- Your assignment
In the copy, keep every line below as it is and leave out the pictures.

- Supplied information
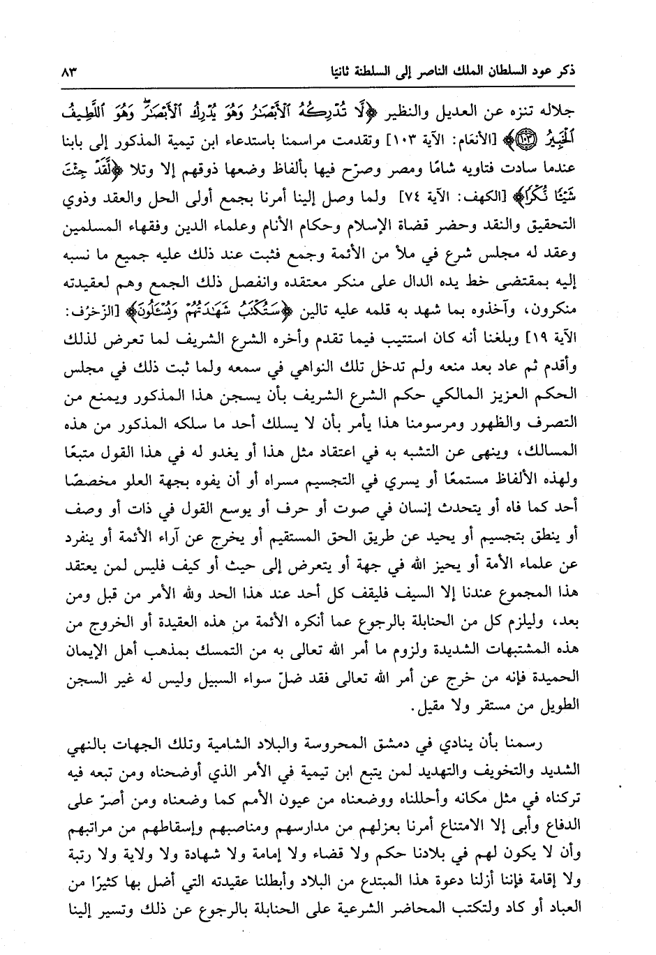 الخبير ( [ الأنعام : الآية 103 ] وتقدمت مراسمنا باستدعاء ابن تيمية المذكور إلى بابنا
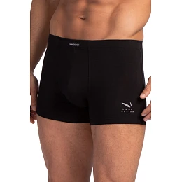 Pánske boxerky z mäkkého bambusového úpletu s elastickým pásom, priliehajúce k telu, pohodlné a nositeľné, v škatuľke v čiernej a grafitovej farbe.
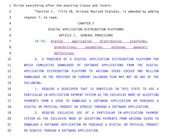 在这几年间,越来越多的人把目光放在了苹果、谷歌与反垄断议题上。今年3月,美国亚利桑那州众议院以31票对29票的结果通过了一项新法案,这一法案是亚利桑那州原有H.B. 2005法案的一项修正案,其主要内容是:在上一年及本年度内,假如数字应用分发平台向亚利桑那州用户提供的应用软件累计下载量超过100万次,则平台的供应商不能要求在亚利桑那州注册的软件开发商使用平台规定的唯一付款系统,也不能要求用户使用平台规定的付款系统作为购买软件或服务的唯一付款方式。与此同时,平台供应商也不能针对第三方支付平台反诉开发商和用户。

- Response for this exercise
 الخبير ( [ الأنعام : الآية 103 ] وتقدمت مراسمنا باستدعاء ابن تيمية المذكور إلى بابنا
 Pánske boxerky z mäkkého bambusového úpletu s elastickým pásom, priliehajúce k telu, pohodlné a nositeľné, v škatuľke v čiernej a grafitovej farbe.
 在这几年间,越来越多的人把目光放在了苹果、谷歌与反垄断议题上。今年3月,美国亚利桑那州众议院以31票对29票的结果通过了一项新法案,这一法案是亚利桑那州原有H.B. 2005法案的一项修正案,其主要内容是:在上一年及本年度内,假如数字应用分发平台向亚利桑那州用户提供的应用软件累计下载量超过100万次,则平台的供应商不能要求在亚利桑那州注册的软件开发商使用平台规定的唯一付款系统,也不能要求用户使用平台规定的付款系统作为购买软件或服务的唯一付款方式。与此同时,平台供应商也不能针对第三方支付平台反诉开发商和用户。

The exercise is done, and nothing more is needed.